→ How to complete this task:
Among the lines below, the one containing "短袖亚麻衬衫,穿着舒适。搭配牛仔裤打造休闲造型。" opens the range and the one containing "Gobindpur is a" closes it. Print that range exactly, without the pictures.

→ Listed records:
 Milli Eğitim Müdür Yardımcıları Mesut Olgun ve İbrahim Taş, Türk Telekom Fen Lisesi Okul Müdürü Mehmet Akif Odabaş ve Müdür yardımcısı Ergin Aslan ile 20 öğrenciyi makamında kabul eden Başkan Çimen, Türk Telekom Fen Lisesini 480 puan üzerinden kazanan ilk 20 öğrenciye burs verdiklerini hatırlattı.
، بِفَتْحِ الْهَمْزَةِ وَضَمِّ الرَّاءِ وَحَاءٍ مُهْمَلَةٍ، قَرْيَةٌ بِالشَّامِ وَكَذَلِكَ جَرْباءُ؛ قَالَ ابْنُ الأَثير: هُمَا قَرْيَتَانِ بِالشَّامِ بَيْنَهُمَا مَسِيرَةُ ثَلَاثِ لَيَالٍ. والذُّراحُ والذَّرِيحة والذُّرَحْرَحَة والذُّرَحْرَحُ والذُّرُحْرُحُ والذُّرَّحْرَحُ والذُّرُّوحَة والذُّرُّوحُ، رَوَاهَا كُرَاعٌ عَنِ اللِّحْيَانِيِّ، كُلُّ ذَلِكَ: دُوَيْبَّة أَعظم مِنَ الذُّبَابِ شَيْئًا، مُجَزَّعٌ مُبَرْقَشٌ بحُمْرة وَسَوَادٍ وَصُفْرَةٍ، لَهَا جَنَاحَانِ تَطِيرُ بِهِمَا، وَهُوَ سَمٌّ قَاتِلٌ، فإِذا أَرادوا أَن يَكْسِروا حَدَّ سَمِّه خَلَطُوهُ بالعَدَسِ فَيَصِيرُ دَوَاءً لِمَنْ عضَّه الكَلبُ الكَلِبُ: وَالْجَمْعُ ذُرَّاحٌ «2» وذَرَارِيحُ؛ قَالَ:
...
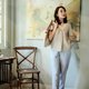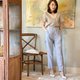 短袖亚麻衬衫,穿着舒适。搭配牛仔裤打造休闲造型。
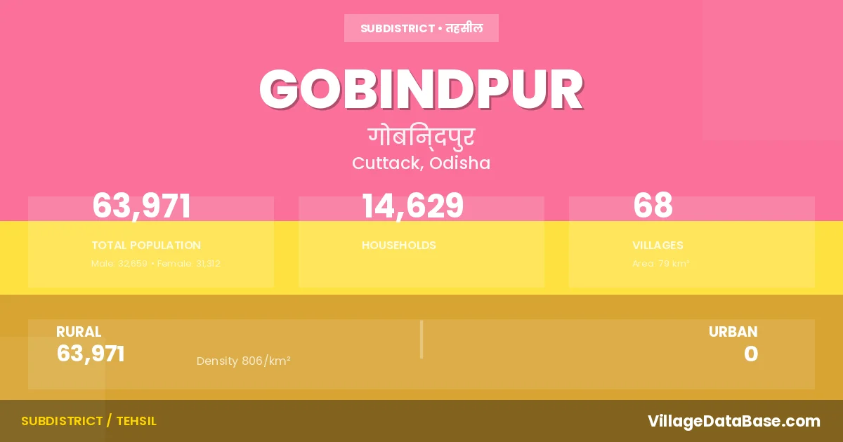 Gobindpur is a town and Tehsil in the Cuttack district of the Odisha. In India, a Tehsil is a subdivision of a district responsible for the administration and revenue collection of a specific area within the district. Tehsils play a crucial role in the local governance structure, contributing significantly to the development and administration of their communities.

→ Solution to the problem:
 短袖亚麻衬衫,穿着舒适。搭配牛仔裤打造休闲造型。
 Gobindpur is a town and Tehsil in the Cuttack district of the Odisha. In India, a Tehsil is a subdivision of a district responsible for the administration and revenue collection of a specific area within the district. Tehsils play a crucial role in the local governance structure, contributing significantly to the development and administration of their communities.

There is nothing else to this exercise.